MANILA, Philippines - The House of Representatives has passed on second reading a bill mandating forceful new strategies to suppress the human immunodeficiency virus (HIV) epidemic.
Bill 6751 directs the multi-sectoral Philippine National AIDS Council (PNAC) to draw up a fresh six-year program with definite targets to reverse the average 62-percent annual increase in new HIV cases in the country since 2010.
HIV is being spread primarily through high-risk sexual contact, predominantly male-to-male sex, and secondarily via needle sharing among illicit drug users, according to the Department of Health (DOH).
The virus causes AIDS, or Acquired Immune Deficiency Syndrome. AIDS destroys the human body’s immune system and still does not have any known cure, although expensive anti-retroviral treatment could slow down the virus.

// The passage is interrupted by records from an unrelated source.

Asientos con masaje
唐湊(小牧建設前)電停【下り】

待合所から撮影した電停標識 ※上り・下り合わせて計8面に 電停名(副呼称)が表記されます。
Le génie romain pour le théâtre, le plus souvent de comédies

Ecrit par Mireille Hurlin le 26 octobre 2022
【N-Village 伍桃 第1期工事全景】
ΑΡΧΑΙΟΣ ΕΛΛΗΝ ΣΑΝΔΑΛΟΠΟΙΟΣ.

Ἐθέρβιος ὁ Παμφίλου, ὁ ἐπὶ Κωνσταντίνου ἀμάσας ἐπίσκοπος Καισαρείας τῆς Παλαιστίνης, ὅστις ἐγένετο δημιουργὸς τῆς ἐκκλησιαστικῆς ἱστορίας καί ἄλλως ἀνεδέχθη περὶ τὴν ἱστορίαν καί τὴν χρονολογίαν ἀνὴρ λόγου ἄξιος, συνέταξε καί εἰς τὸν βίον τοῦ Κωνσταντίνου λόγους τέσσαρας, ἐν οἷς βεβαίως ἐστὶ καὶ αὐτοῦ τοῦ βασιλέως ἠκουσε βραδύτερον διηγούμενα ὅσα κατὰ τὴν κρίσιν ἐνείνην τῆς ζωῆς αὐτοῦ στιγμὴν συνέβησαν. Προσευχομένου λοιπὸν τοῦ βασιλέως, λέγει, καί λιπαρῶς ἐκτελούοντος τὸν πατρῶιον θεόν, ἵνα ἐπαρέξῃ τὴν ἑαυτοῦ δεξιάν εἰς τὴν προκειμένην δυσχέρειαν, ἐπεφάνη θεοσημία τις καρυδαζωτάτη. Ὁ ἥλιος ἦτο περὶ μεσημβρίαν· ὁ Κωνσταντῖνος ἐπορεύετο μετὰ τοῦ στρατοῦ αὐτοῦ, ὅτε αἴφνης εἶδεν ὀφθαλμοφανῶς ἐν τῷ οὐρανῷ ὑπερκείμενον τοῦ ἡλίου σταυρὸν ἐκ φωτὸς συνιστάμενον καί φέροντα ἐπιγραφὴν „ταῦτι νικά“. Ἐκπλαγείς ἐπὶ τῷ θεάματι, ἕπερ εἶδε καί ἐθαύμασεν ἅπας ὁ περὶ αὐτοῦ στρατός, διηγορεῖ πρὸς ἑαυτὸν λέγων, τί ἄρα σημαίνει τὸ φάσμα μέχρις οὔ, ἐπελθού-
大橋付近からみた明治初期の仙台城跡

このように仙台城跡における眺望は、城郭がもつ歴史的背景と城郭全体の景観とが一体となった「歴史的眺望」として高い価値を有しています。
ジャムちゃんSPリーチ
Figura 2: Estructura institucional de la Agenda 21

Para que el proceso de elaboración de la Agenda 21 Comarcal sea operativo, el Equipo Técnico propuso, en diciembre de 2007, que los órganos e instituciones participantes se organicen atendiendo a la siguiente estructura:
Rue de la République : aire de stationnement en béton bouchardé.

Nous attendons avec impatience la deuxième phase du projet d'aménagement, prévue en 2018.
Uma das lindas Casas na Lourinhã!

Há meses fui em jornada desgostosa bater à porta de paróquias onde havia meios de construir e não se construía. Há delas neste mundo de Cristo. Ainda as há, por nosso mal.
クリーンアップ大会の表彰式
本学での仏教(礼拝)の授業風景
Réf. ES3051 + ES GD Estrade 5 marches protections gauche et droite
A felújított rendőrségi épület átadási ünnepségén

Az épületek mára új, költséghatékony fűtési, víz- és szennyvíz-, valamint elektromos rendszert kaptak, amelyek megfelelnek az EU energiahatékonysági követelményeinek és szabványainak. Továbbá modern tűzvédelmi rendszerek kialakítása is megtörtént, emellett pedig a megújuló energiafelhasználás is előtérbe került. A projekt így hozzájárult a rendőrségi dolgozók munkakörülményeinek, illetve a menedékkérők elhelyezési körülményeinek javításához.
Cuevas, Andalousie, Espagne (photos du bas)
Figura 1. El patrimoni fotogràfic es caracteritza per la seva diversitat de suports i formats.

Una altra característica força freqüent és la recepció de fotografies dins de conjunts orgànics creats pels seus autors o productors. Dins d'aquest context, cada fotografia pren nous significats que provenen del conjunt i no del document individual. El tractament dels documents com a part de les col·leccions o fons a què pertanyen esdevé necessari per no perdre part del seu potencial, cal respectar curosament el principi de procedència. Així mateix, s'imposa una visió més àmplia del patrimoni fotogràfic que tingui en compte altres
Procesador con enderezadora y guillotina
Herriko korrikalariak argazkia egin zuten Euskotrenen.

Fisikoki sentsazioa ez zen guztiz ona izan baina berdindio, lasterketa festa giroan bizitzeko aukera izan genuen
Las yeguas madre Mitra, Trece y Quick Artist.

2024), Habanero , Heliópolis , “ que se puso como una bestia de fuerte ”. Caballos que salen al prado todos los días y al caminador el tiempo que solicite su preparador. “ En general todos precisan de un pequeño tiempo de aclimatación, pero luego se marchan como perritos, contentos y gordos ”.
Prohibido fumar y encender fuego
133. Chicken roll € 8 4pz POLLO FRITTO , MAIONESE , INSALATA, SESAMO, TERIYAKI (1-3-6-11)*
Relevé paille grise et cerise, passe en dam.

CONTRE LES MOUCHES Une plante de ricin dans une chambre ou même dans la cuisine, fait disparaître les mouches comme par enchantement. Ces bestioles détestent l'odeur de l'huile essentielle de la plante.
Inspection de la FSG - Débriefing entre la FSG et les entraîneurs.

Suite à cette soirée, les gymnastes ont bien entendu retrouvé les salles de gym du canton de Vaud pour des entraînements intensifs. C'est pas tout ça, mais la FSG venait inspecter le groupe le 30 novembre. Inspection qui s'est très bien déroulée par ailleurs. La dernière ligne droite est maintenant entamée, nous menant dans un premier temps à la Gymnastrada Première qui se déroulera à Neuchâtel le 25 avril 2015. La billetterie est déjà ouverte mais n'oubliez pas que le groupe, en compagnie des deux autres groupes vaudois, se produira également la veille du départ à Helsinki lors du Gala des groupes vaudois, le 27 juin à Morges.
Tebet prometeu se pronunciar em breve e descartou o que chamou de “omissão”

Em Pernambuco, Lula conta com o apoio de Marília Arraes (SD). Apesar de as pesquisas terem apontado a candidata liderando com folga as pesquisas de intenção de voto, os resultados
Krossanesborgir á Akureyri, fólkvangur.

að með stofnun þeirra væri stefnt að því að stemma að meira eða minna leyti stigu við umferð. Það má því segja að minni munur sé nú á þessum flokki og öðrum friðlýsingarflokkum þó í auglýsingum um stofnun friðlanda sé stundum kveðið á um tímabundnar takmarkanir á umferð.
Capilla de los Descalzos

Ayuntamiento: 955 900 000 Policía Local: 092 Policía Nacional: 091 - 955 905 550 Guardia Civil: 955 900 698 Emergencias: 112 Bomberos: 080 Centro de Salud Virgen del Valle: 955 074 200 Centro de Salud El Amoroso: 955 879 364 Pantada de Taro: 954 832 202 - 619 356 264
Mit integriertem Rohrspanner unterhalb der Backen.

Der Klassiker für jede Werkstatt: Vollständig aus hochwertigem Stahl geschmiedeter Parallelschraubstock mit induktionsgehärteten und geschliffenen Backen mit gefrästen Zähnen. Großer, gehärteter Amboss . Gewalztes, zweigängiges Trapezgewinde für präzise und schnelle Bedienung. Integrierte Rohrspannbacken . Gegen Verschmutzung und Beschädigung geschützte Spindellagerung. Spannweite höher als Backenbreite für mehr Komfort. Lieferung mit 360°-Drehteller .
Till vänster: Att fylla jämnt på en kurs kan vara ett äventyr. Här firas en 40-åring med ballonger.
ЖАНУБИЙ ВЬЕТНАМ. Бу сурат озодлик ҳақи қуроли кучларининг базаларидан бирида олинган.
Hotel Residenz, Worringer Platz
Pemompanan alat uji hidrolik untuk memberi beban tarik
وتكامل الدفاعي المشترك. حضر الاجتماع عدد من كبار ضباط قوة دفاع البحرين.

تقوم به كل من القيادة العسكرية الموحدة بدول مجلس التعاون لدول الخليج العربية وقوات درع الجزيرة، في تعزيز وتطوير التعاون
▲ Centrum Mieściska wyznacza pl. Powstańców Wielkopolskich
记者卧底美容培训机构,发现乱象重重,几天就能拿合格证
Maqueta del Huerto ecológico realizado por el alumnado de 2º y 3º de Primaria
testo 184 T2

“We have very high hopes that that bill, once finally enacted with the help of the Senate, will take our fight against HIV/AIDS to the next level with highly concentrated actions,” Rep. Arnel Ty of the party-list group Liquefied Petroleum Gas Marketers Association, one of bill’s authors, said yesterday.
Sen. Miriam Santiago has a counterpart measure in the Senate.
Ty said he does not see any need for President Aquino to voluntarily take an HIV test to help dispel the stigma associated with testing, as proposed by a national alliance of gay groups.
“Offhand, our showbiz celebrities might do a much better job not only at encouraging voluntary HIV-testing by young sexually active Filipinos and other at-risk groups, but also in raising public awareness of the ailment and its prevention,” he said.